Grand Budapest Hotel
Wes Anderson’s rambunctious but elegant Mitteleuropa farce stars Ralph Fiennes on brilliant comic form
Film Title: Grand Budapest Hotel
Director: Wes Anderson
Starring: Ralph Fiennes, Tony Revolori, Jude Law, Saoirse Ronan, Tilda Swinton, F Murray Abraham
Running Time: 99 min
A few critics have, from time to time, accused Wes Anderson of “contrivance”. What now? All fictions are contrived. Unlike real life, stories tend to have middles that lead neatly from exploratory beginnings to neatly tidied-up endings.
If there has been a problem with Anderson’s recent live-action work, it has more to do with contrivance’s evil twin: disorder.

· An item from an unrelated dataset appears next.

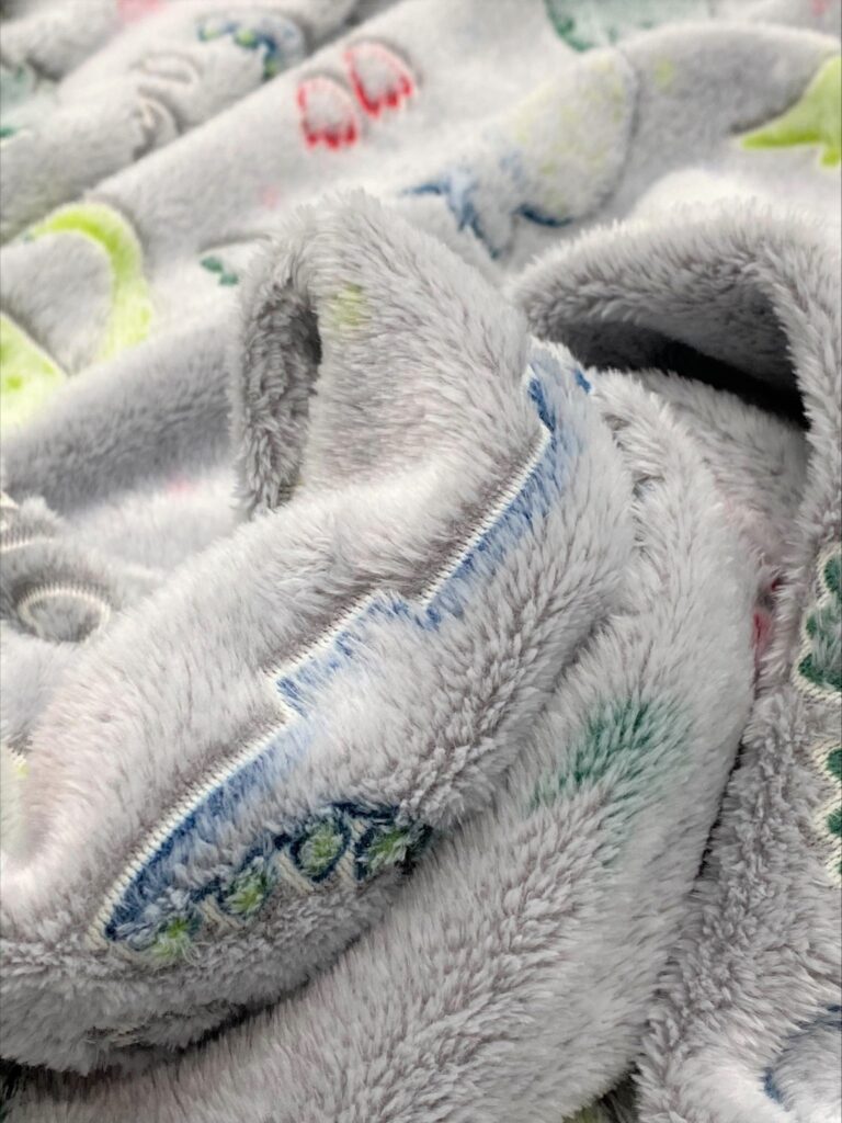 ・カワイイ恐竜のイラストがいっぱい入った夜光ブランケット。

The Life Aquatic with Steve Zissou and The Darjeel ing Limited felt like second-string Wes. The frustratingly uneven Moonlight Kingdom kept it together for a lovely opening act, then degenerated into running around and shouting.

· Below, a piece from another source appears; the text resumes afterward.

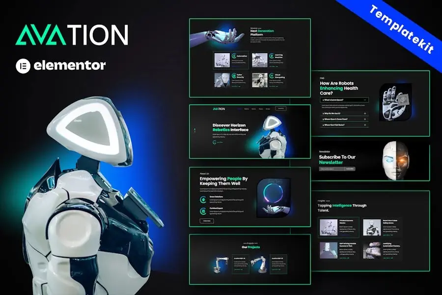 template kit Avation Elementor es la solución definitiva para crear un sitio web de vanguardia para su empresa o laboratorio de investigación de robótica e IA. Esta Colleción de Plantillas y páginas prediseñadas, creada para el generador de páginas Elementor, permite una fácil personalización y está diseñada con una estética moderna y tecnológicamente avanzada. La página de servicios está diseñada para mostrar los diferentes servicios que ofrece la empresa o el laboratorio en un formato fácil de leer y navegar, destacando las capacidades únicas de su organización. Personalice las Plantillas para que coincidan con su marca y estilo con una variedad de opciones de personalización de colores, fuentes y diseños. Su sitio web será totalmente responsivo, lo que proporcionará una experiencia de usuario perfecta en cualquier dispositivo. Con el template kit Elementor de Aviation – Robótica e Inteligencia Artificial, tendrás todo lo que necesitas para mostrar el trabajo vanguardista de tu empresa. La página de servicios está diseñada para mostrar los diferentes servicios que ofrece la empresa o el laboratorio en un formato fácil de leer y navegar, destacando las capacidades únicas de su organización.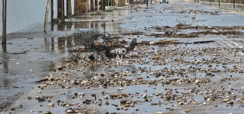 Η εικόνα στο παραλιακό μέτωπο της πόλης ήταν πρωτοφανής. Ο δρόμος στον Βροντάδο είναι εξαιρετικά επικίνδυνος με το οδόστρωμα να έχει γεμίσει με πέτρες και φύκια.

All is forgiven. Grand Budapest Hotel conveys the impression of disorder: midnight flights, wild ski rides, outbreaks of gunplay. But it is as tightly wound as the best farces of Feydeau or Molière. Add in the director’s gift for nesting stories, his taste for grotesques and his exquisite eye, and you have the best Wes Anderson film in a decade.
As Anderson is wont to do, Grand Budapest Hotel trades on nostalgia for a largely imagined earlier era. This is the romantic, doomed Mitteleuropa that inspired Ruritanian adventure stories by Eric Ambler and Anthony Hope. Belgian cartoonist Hergé enjoyed that world as well, and the film employs the same elegant visual language – neat frames cluttered with lovely objets d’art – that made his Tintin comics so delicious.
We begin with narrative Russian dolls. A teenage girl reads a memoir penned by someone listed only as “the author”. The story relates a journey, made in the 1960s, to the Grand Budapest Hotel – located in the Republic of Zubrowka – which the author (Jude Law) finds to be living poorly on past glories. He meets the owner of the establishment (F Murray Abrahams) and settles down to hear how it came into his possession.
That tale packs every second of the picture’s busy 99 minutes with incident. Much of it finds Gustave (Ralph Fiennes), the hotel’s concierge, and Zero (Tony Revolori), a new lobby boy, hurriedly trying to extinguish one of a hundred metaphorical fires.
It transpires that the endlessly charming, superbly organised Gustave is an operator on a trans-European scale. He manages to juggle professional duties with the seduction of older, richer female guests. But the wheels do occasionally shudder on their axes.
Chaos looms when one of those conquests, the ancient Madame D (a heavily made-up Tilda Swinton), dies in “mysterious circumstances”. At the funeral, Gustave learns that Madame D has left him a hugely valuable painting called Boy with an Apple. The family murmurs and, shortly thereafter, Gustave finds himself framed for the old lady’s murder.
As you may have gathered, the film swells with Hitchcockian MacGuffins. But Anderson keeps the pace so furious and works so hard at tying up loose ends that little scratching of heads is ever necessary.
He is greatly assisted by an extraordinarily amusing performance from Fiennes. That actor has proved himself in many fields over the years, but, to this point, his talents as a farceur have been kept well under wraps. If we must reach for a comparison, then Cary Grant will do well enough: cracking double-takes; grace under fire. Fiennes’s hints of inner fragility add, however, a poignancy you rarely got from Grant. Maybe Robert Donat in The 39 Steps is a better comparison.
Anderson’s most bewildering achievement is to pack so much into such a compact space. The film abounds with celebrity cameos, almost all of them worthwhile. It gets across omens about this antique territory’s looming annihilation during the second World War. And it features some of the loveliest, most elegantly composed production design you could ever dream of enjoying.